%%

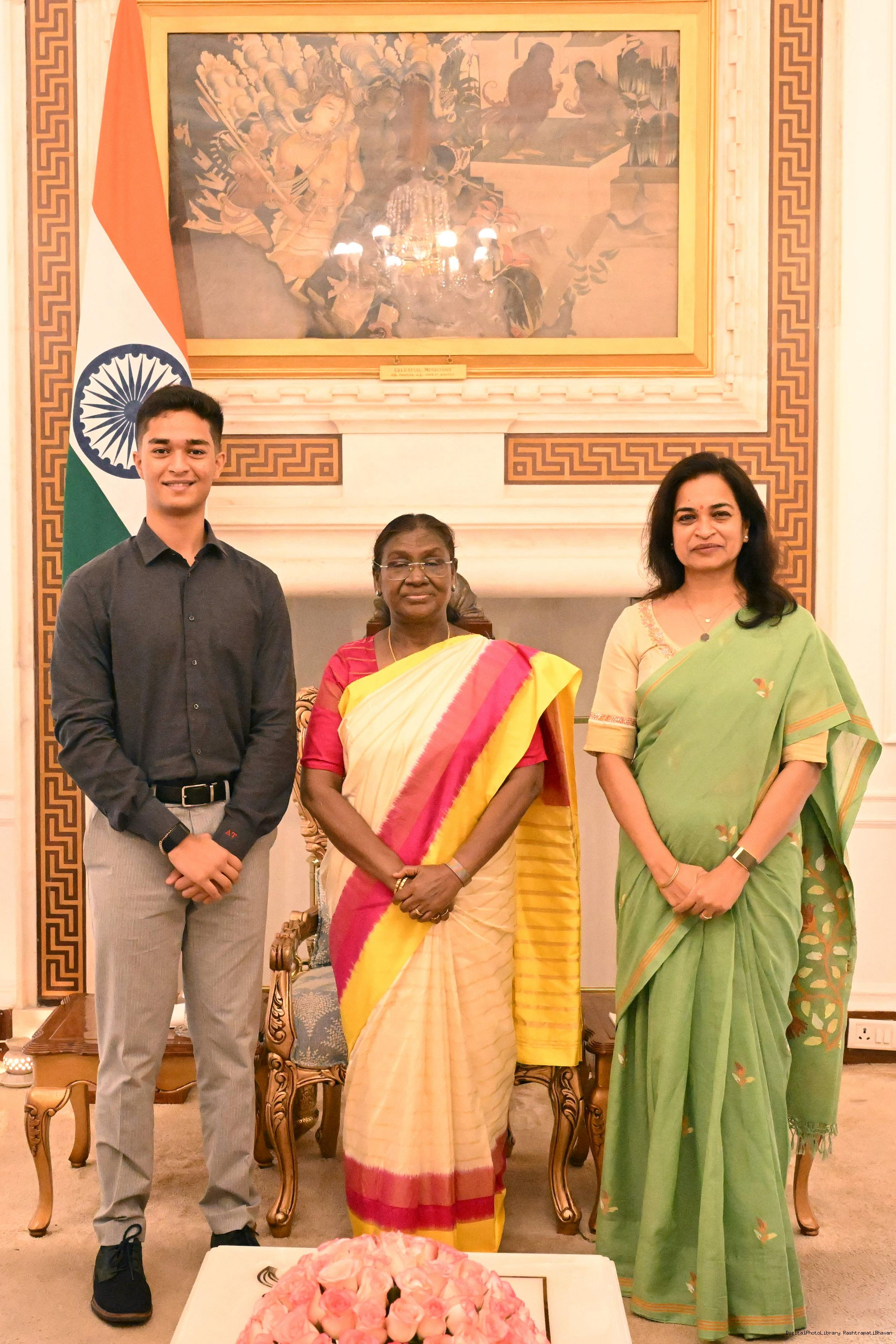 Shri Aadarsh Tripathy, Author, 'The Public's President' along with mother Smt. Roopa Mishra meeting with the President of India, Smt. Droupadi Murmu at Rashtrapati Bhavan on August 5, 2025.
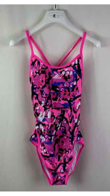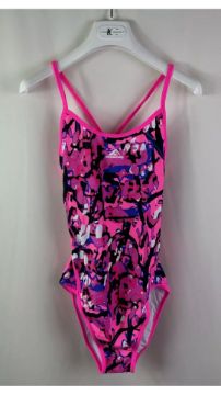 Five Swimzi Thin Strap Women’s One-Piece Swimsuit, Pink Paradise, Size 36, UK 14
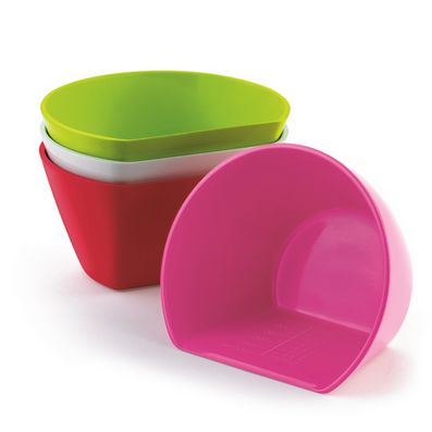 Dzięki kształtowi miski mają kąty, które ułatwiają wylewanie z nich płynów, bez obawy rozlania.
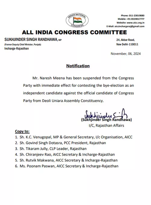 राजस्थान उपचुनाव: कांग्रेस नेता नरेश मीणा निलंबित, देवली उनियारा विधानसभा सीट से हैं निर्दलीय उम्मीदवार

%%

* [PROBLEM TO SOLVE] All of the lines above should be printed exactly, minus the pictures.

* [ANSWER AREA]
 Shri Aadarsh Tripathy, Author, 'The Public's President' along with mother Smt. Roopa Mishra meeting with the President of India, Smt. Droupadi Murmu at Rashtrapati Bhavan on August 5, 2025.
 Five Swimzi Thin Strap Women’s One-Piece Swimsuit, Pink Paradise, Size 36, UK 14
 Dzięki kształtowi miski mają kąty, które ułatwiają wylewanie z nich płynów, bez obawy rozlania.
 राजस्थान उपचुनाव: कांग्रेस नेता नरेश मीणा निलंबित, देवली उनियारा विधानसभा सीट से हैं निर्दलीय उम्मीदवार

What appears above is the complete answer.